One thing that is important to realize is that when trying to get to a profit number from an investment when computing ROI, we need to take into account only incremental costs actually incurred by the investment. Otherwise, we are allocating cost to something that is not actually driving that expense which will make the investment seem less profitable than it actually is. The key is costs actually incurred by servicing the incremental new customer, job, etc.


WALKING THROUGH THE FLOW OF THE MODEL WITH THE CLIENT

Once you are actually in the model with the client, you should have cells that can be changed once assumptions are verified with the client. The key here is walking through the model from top to bottom to show the flow and then checking in with the client that they are following the logic of every cell. Assumptions in blue cells can be changed along the way based upon client inputs. Ultimately, you are looking at a pro forma implementation of your solution and seeing if the return multiple meets their investment threshold. If so, then you can talk about testing a pilot based upon pro forma and adjusting the number of locations for the test pilot based upon what they are comfortable with.

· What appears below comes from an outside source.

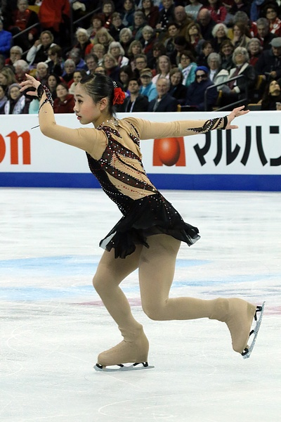 Amy LIN TPE in World Figure Skating Championships 2016 – 21st Place

In order to coauthor an ROI model, you are going to need data from the client regarding:

● Lead type

● Conversion % from that type of lead to a sale

● Average sale size

● Total campaign revenue

● Profit % on job/revenue

● Total campaign profit

● Cost per acquisition

● # of opportunities generated from opportunity (pilot)

● Unit cost of opportunity

● Total campaign cost

● Time frame of evaluation


The ROAS model allows you to build the business case for the solution with your client.

Return on Ad Spend (ROAS):

● ROAS is the amount of revenue the client earns for each dollar of advertising

● ROAS = total campaign revenue / total campaign cost, ex. 5:1 ROAS

● ROI = net profit / cost of investment x 100 = % ROI


COAUTHORING & PROVING OUT A ROAS:

Key question: Are you tracking conversion rates as it relates to type of lead? For projection purposes

Starting with existing listing performance in brand engagement:

I. Percent calls

II. Percent website clicks

III. Percent mapped direction

Conversion rate of calls or form fills to estimates?

Conversion rate of estimates to transactions?

Revenue per sale


Restaurant recurring customer waterfall:

● Lifetime value of a customer

● We see the ROAS in month 3 onward

Coauthoring a solution means coauthoring an ROAS model including choosing a KPI, it’s target level and method for attribution. From there you work to prove out the ROAS model from the pilot.

Michael Herlache MBA

Michael Herlache MBA is a Midmarket Account Executive at a leading publicly traded AdTech company. He lives in his home in Scottsdale, Arizona with his wife, Svitlana. Michael has an MBA in Finance from Texas A&M University and has a background in financial sales and more recently, technology sales.


Michael has closed over $1M in revenue in the local, franchise, and franchise full service (clearinghouse) role. From the local org, Michael was promoted to the multi-location org into the role of a midmarket AE. In his first two quarters in the midmarket role he was 75% and the 120% of quota even during the COVID pandemic and is pacing for 105% of quota in Q4. He has gone through month long MM/Enterprise training in the multi-location org designed to teach the Enterprise sales process & product.


Michael has completed Enterprise Sales School with Pavilion as taught by the software sales leader in the field, Ian Koniak.